Core High Quality Dividend Growth Stocks
Apple (AAPL) is better than any bank out there. More cash, less risk, higher growth as services take in more dollars. The dividend is only 1.53% now, but it is growing fast. What is the demand for this stock as buybacks and rising payouts push this dividend into the 3% plus range? Higher. Buy the big dips on iPhone fears. $150 looks like a legit bottom fishing price and I think we get there give or take on the anti-Apple hollering.
Nutrien (NTR) is coming back again and it’s long-term story is either good or great. Consolidation in the space is great for the company. Climate change is good for the company. Lack of new potash supply anywhere on the horizon due to environmental and capital issues makes it very solid for years, if not a decade or two. If you don’t have it, nibble, if you do, save a couple bucks for bottom fishing.
I don’t have any other dividend stocks I’m in love with. You could certainly buy Kinder Morgan (KMI) if you don’t have it. They’re plan is solid as we’ve covered and they’re back to being under $20 per share. I really want Lockheed Martin (LMT) and think it might get to us. We’ll see. Dividend stocks are bid up, we have to be patient.
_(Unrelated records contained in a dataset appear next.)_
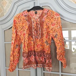 I fint/ mycket fint skick! I storlek M. Med resår nedtill och armslut. Mått från armhåla till armhåla är 57 cm och längd från axeln och ner 62 cm. Märke okänt. Samfraktar vid fler köp!
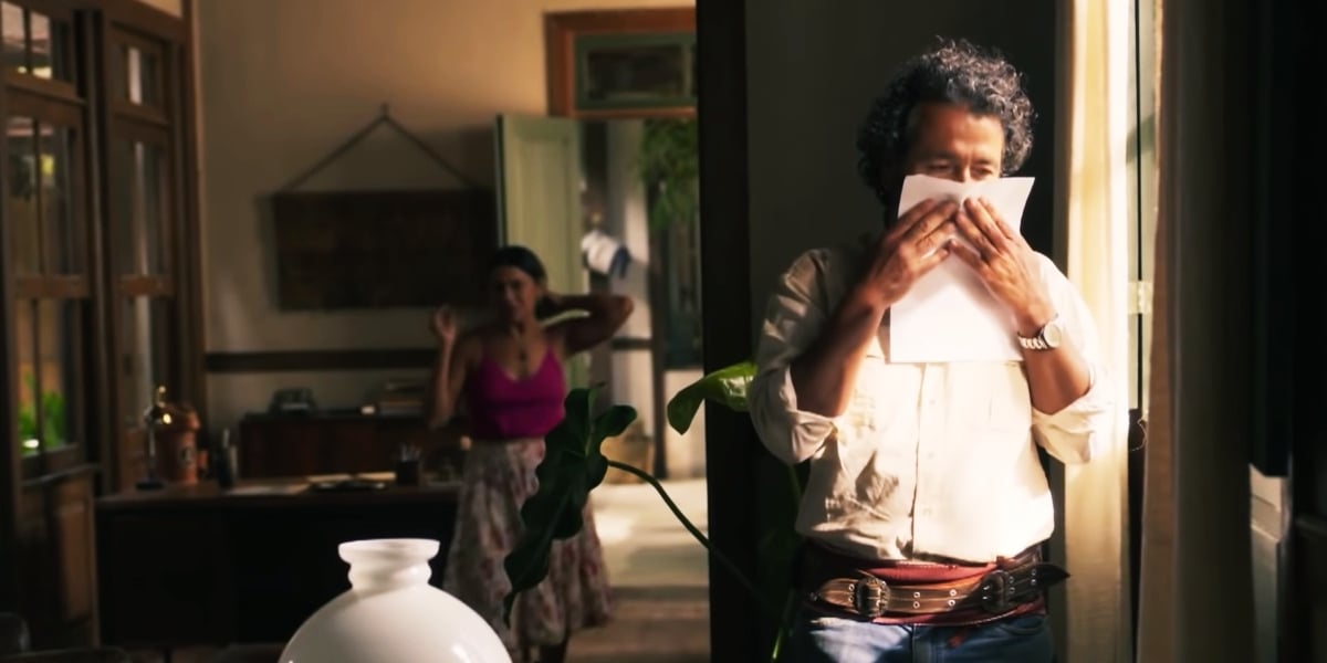 José Leôncio recebe carta de Jove na novela Pantanal (Foto: Reprodução/Globo)
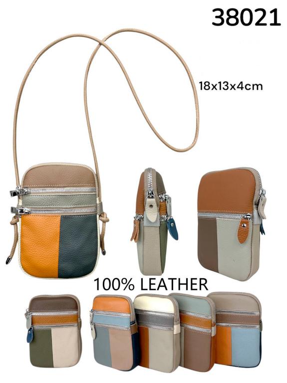 Bolsito Portamovil Multicolor de Piel con Diseño Exclusivo y 3 Bolsillos Exteriores con Cierre de Cremallera para Mujer.
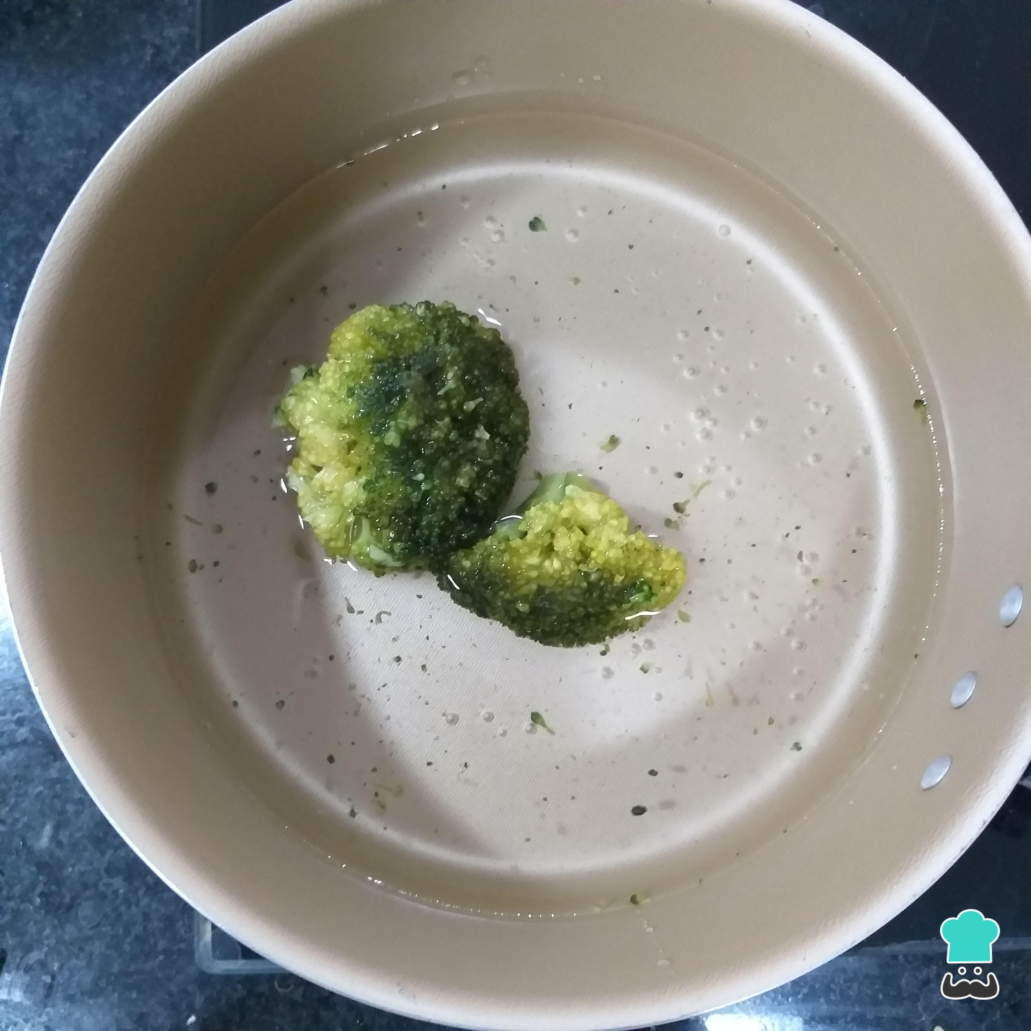 Em seguida coloque os floretes de brócolis por 3 minutos em uma panela com água fervente.
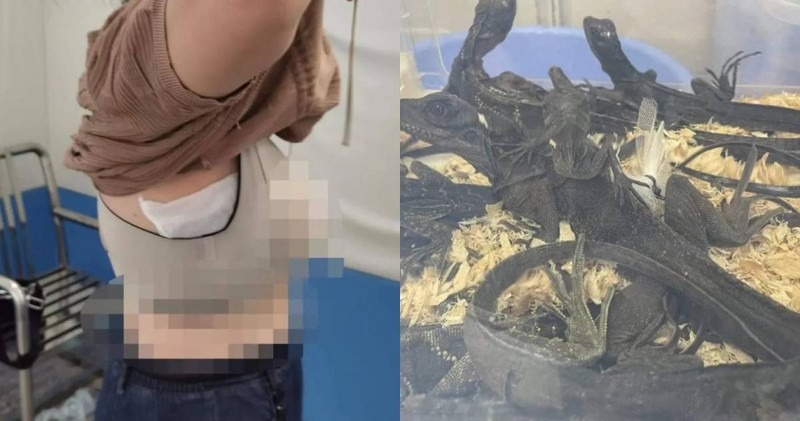 Rất nhanh, người phụ nữ bị giữ lại và bàn giao cho cơ quan chức năng liên quan. Sau khi giám định chuyên môn, cảnh sát xác định 16 con thằn lằn còn sống này là thằn lằn vây buồm Indonesia.
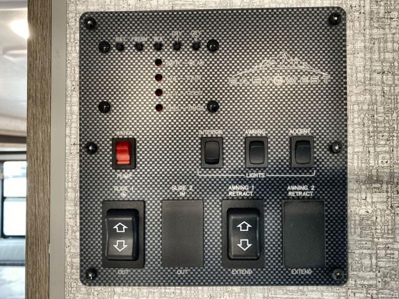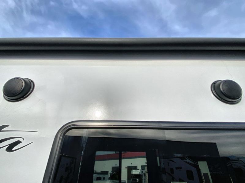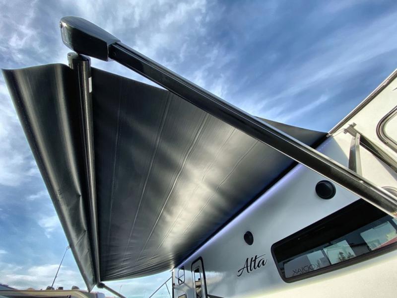 Each Alta travel trailer or toy hauler by EAST TO WEST is constructed with a 5" vacuum bonded roof, an enclosed and heated underbelly, and diamond plate front rock guard for added protection. Outside, you'll find marine-grade exterior speakers, a universal docking station, and back-up camera prep that can be added to make maneuvering in and out of campgrounds easier than ever. Inside, there are 4k interior LED lights, solid pressed membrane countertops, black roller shades, and many more interior comforts you are sure to love.

Enphase (ENPH) is a company I followed a long time and for a hot minute bottom fished it around $6 per share. I stupidly sold for a double. Their tech for plug & play energy storage is outstanding and a market leader. This is a chance to right a past wrong. I won’t bore you with more, just read this industry guy’s thoughts:
Tesla (TSLA) the ultimate battleground stock. Whitney Tilson recently came out against it. He’s the perfect contrary indicator. I battled with him and won on Exact Sciences (EXAS) too. Here’s my basic feel on Tesla. There is no shortage of rabbits in the hat. If you disagree, skip it. There’s always another opportunity. That said, I think Tesla’s technology is in more cars than any other company’s within a decade – note, that doesn’t mean biggest manufacturer, just most licensed. Did I see Mary Barra in Reno?
I haven’t officially increased equity holdings in asset allocations, but I think you can slowly, carefully and very selectively spend a little cash on nibbles from the “A List.”
This market will be volatile through the end of next year. I am very sure of that. We’ll probably get a chance to buy volatility again on a equity rally. And a chance to bet on calmer markets as well. Be nimble.
Open your mind to a world where selectively trumps broad diversification (diworsification). You want to be diversified in the companies that are not shrinking revenues or highly levered.
And, if in doubt, stick with bottom fishing.
Disclosure: I am/we are long NTR, KMI. I wrote this article myself, and it expresses my own opinions. I am not receiving compensation for it. I have no business relationship with any company whose stock is mentioned in this article.